L.I.S.A.: Was verstand man in der griechischen Antike und insbesondere in der hellenistischen Epoche unter dem Begriff der Psyche? Inwiefern unterscheidet sich dabei das Verständnis der Historiker von dem der Philosophen, wie beispielsweise Pythagoras, Platon oder Aristoteles, und von dem der Mediziner, wie Hippokrates und Galenos? Und ist Seele in diesem Zusammenhang dasselbe wie Psyche? Kollidieren Religion bzw. Philosophie mit der Medizin?
PD Dr. Rohmann: Damals wie heute waren die Vorstellungen von Seele mit individuellen Weltanschauungen verbunden. Die meisten Menschen verstanden unter Psyche grob gesagt das, was den Objekten der materiellen Welt Leben einhaucht. Insofern der Kosmos als Ganzes ebenfalls der Veränderung unterliegt, waren sowohl dieser als auch die bewegten Naturphänomene der Welt, wie Flüsse oder Sterne, für sie grundsätzlich beseelt und somit das Individuum Teil seiner Umwelt und idealerweise mit dieser in Einheit. Die wichtigsten Weltanschauungen der Antike sahen zudem in den Seelen Einheiten, die unabhängig von der materiellen Welt und auch nach dem Tod des bewirtenden Körpers existierten und in neue Körper eingehen konnten. Pythagoras, Platon und Aristoteles waren sich darin einig und bauten aufeinander auf, mit Platon erreicht die idealistische Philosophie, welche die Welt aus der Ideenschau der Seele versteht, ihren Höhepunkt. Einige Philosophen des Hellenismus und ihre Anhänger, wie die Epikureer und Atomisten, hielten dagegen ein Leben nach dem Tod für unmöglich und verstanden folglich in der Psyche das Bewusstsein des Menschen.

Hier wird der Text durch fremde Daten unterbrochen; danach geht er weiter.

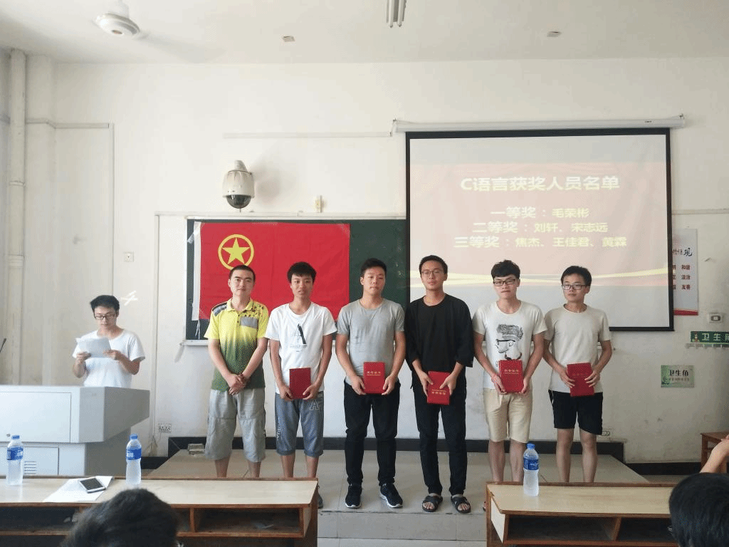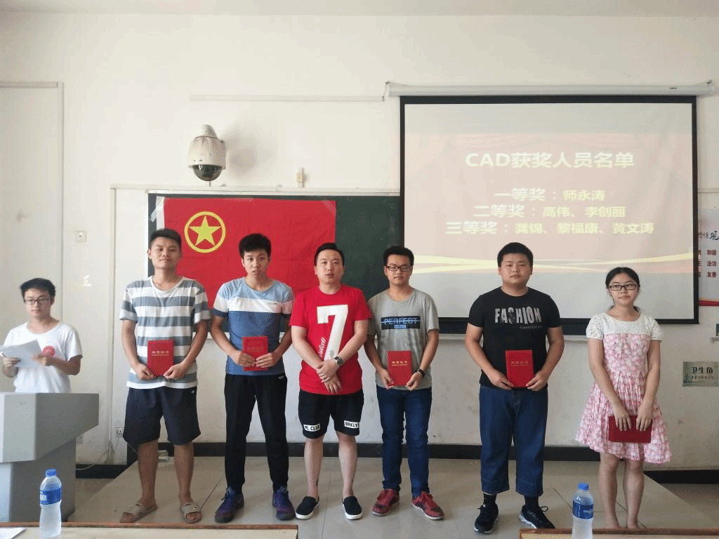 童乐、胡子健老师宣读表彰决定并依次为获奖同学进行颁奖。其中CAD、SolidWorks双项比赛一等奖获得者师永涛同学上台发表获奖感言,分享学习经验,同时C语言一等奖获得者毛荣彬也发表感想,表达了对老师帮助的感谢。

Großen Einfluss auf die Medizingeschichte hatten seit der klassischen Zeit die Schriften des Hippokrates und seiner Schüler, welche für körperliche und seelische Leiden gleichermaßen organische Ursachen annahmen und die Medizin von dem Einfluss nichtmedizinischer Denkschulen befreien wollten. Die Überlieferungslage medizinischer Schriften bedingt es, dass sich die besonders im Hellenismus ausgeprägte Vielfalt der einzelnen medizinischen Schulen außerhalb der hippokratischen kaum noch nachvollziehen lässt. Auf längere Sicht hat sich aber spätestens mit der hohen Kaiserzeit und den Schriften Galens die Richtung durchgesetzt, welche in Fragen der menschlichen Psyche einen Ausgleich zwischen medizinischem und philosophischem Wissen anstrebte. Ähnlich wie die erhaltenen Historiker des Hellenismus und der auf sie folgenden römischen Kaiserzeit stand Galen der hellenistischen Philosophenschule der Stoa nahe, welche eine Mittlerposition zwischen der idealistischen Seelentheorie eines Platon und dem rein auf materialistischer Physik aufbauenden Weltverständnis der Epikureer einnahm.